The basis of all other negative consequences that come from this weight stigma is the equating of thinness with good, and of fatness with evil. When thinness becomes the ideal, we come to a false understanding that we as women are not meant to be more. The quieter, more docile, physically smaller we can make ourselves, the better job we are doing as the women society has boxed us into. By growing up in an ever-starving home, living in a tiny-body town, you assume that to ever be successful, less is more. This puts all of your humanity and worth into simply how much fat is around your bones. You grow up as if, as author Roxanne Gay eloquently puts it, “You are your body, nothing more, and your body should damn well become less.”

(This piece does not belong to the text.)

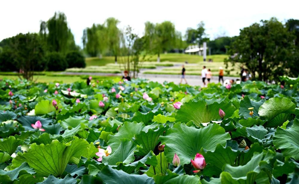 △2022年6月22日,人们在四川眉山市东坡区太和镇永丰村欣赏荷塘美景。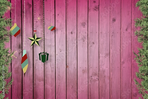 © vectorfusionart, Obraz premium Christmas decorations over wooden planks

The body raised on this pedestal of glamorized thinness is often used to justify racial stereotypes and hierarchies. As Sabrina Strings’ book Fearing the Black Body: The Racial Origins of Fatphobia cogently addresses the disrepute of fatness, “fat phobia isn't about health at all, but rather a means of using the body to validate race, class, and gender prejudice.” This created an extreme double standard, with White colonists seeing their own fatness as fortune and wealth to buy so much food, they condemned fat Black people as lazy, gluttonous, and sinful. Racism comes out of uplifting thinness, with the result of repressing and villanizing Black bodies.
Tying our self worth to our physical body changes not just how we fit into society, but how we fit into ourselves. This holy thinness creates a constant expectation for us to be changing, starving, slimming. And when we can’t meet these impossibly superficial demands, we may doubt that people with our natural bodies are deserving of the love, success, or confidence that we have. For as long as I can remember, I have always believed I am not good enough as I am; that there is always another girl out there thinner than me, prettier than me, that has more control than me. This rat race for “winning” Thinnest, Prettiest, Hungriest Girl spirals into depression, anxiety, and shame when you can’t achieve it.
Understanding the issues that follow the cult of thinness and dietary reserve bring us one step closer to overcoming it. Once we acknowledge the issue, we can take these steps to further heal it.
First, we must remember that our bodies are extensions of our minds. A lack of food in our bodies is a lack of fuel for our minds, and a lack of confidence in our minds creates insecurity and weakness in our bodies. The women that came before us didn’t make their mark because they were so quick at adding up their calories, or because they knew exactly how much they weighed. They nourished their bodies so their minds could thrive, and so a loving relationship between the two could be maintained.
With this, there should always be the reminder that there can be bad days. Cheesy, but relapse is a stage in recovery. Your insecurity doesn’t cancel out your progress. To think again of Roxanne Gay, “You are stronger than you are broken.” An insecure moment or behaviour can even be used as a positive learning opportunity, for you and others, as long as the moment doesn’t turn into a recurring pattern. Reaching out for help creates a chance to educate those you need help from. Awareness creates action.
Most importantly is to secure the same confidence we’ve just found in ourselves for future generations. To prevent the perversion and expectation of what our bodies should look like, we must create early roots in healthy body mindsets. An openness in how we discuss our bodies and our feelings about them sets up a positive mindset for generations to come.
Growing up in ever-dieting home, in a tiny-body town, I assumed it was completely normal to feel like my body wasn’t my own. After coming into my autonomy and confidence however I look, seeing the girls still living in my old and rotting mindset killed me. My message today is that as long as we treat our bodies with the care that we would treat the success of our futures, admit that giving into an insecurity doesn’t mean letting loose all bad behaviours, and if we do all we can to set the next generations up for eras of positivity and a cultural blossoming of self-esteem.